The partnership is focused on preventing aviation ground crew members

OSHA Renews Ground Crew Safety Alliance

The partnership will focus on preventing injuries during the operation of ground support equipment, the use of seat belts, slips and falls, ergonomic hazards, and extreme temperatures.

OSHA announced it has renewed its alliance with the Airline Ground Safety Panel in order to continue providing information and training resources to members, ground crew unions, contract firms, and workers. The announcement said the alliance will address worker injuries that occur during operation of ground support equipment; use of seat belts; new and emerging hazards; slips, trips and falls; ergonomic hazards; extreme temperatures; and understanding the rights and responsibilities of workers and employers under the OSH Act.
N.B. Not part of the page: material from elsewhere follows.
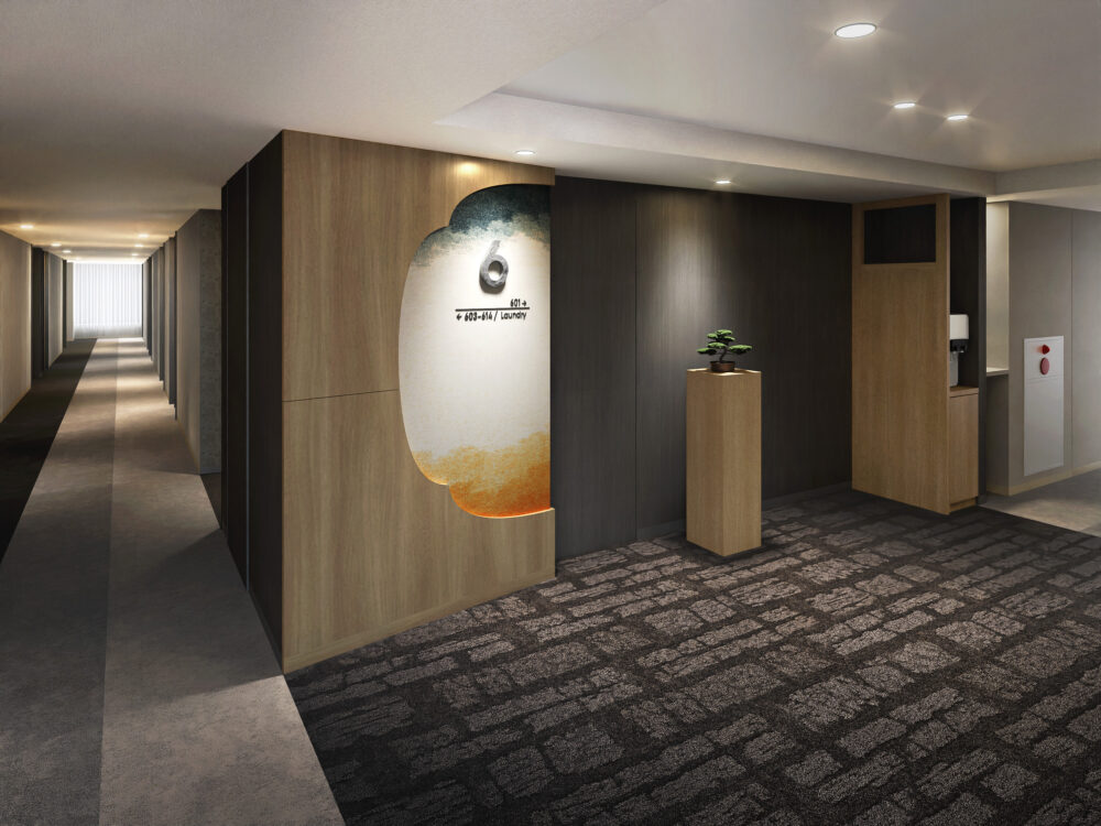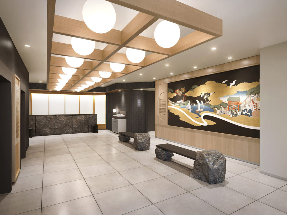 ロビー(1階)では、浅草の灯り文化を象徴する提灯格子や一文字ぼかしのアートワークを配置し、素材には浅草寺にも使用される小松石や黒皮風仕上げを採用することで、「静寂と陰影の美」を感じる上質な空間を演出します。アプローチでは、エレベーターホールに石畳を想起させるカーペットを敷き、参道をイメージすることで、客室までの動線全体で浅草の伝統と現代性が調和した世界観を表現しています。

The panel's representatives come from leading U.S. airlines, such as American, Delta, JetBlue, Southwest, and United; Airlines for America (A4A, formerly the Air Transport Association of America, Inc.); DAL Global Services, LLC, which provides aircraft ground handling services such as ramp and passenger handling, cabin and cargo services, operations and load control, and aircraft and ground support equipment maintenance, at some 140 locations within the United States, Canada, and the Bahamas with more than 14,000 employees; the International Association of Machinists and Aerospace Workers; Menzies Aviation, a global provider of ramp and cargo handling services; and the AFL-CIO's Transportation Trades Department and the Transport Workers Union.

"OSHA and members of the airline industry have worked together in recent years to address safety issues among ground personnel," said Assistant Secretary of Labor for Occupational Safety and Health Dr. David Michaels. "The efforts of our continued alliance with AGSP will go a long way toward keeping workers across the country safe and healthy at the end of every workday."

The alliance will develop toolbox talks on extreme temperatures and a case study on emerging workplace hazards, review existing best practice facts sheets with a focus on the use of seat belts in all ground support equipment, and incorporate ergonomic guidance in existing toolbox talks, case studies, and other guidance resources, according to OSHA.

"Our member airlines are very pleased with the progress that the OSHA Alliance with the Airline Ground Safety Panel has produced over the past seven years," said Airlines for America Vice President and Assistant General Counsel Rob DeLucia. "We look forward to continuing our voluntary, cooperative program with OSHA to further enhance employee safety with our labor union partners and the companies that service our aircraft."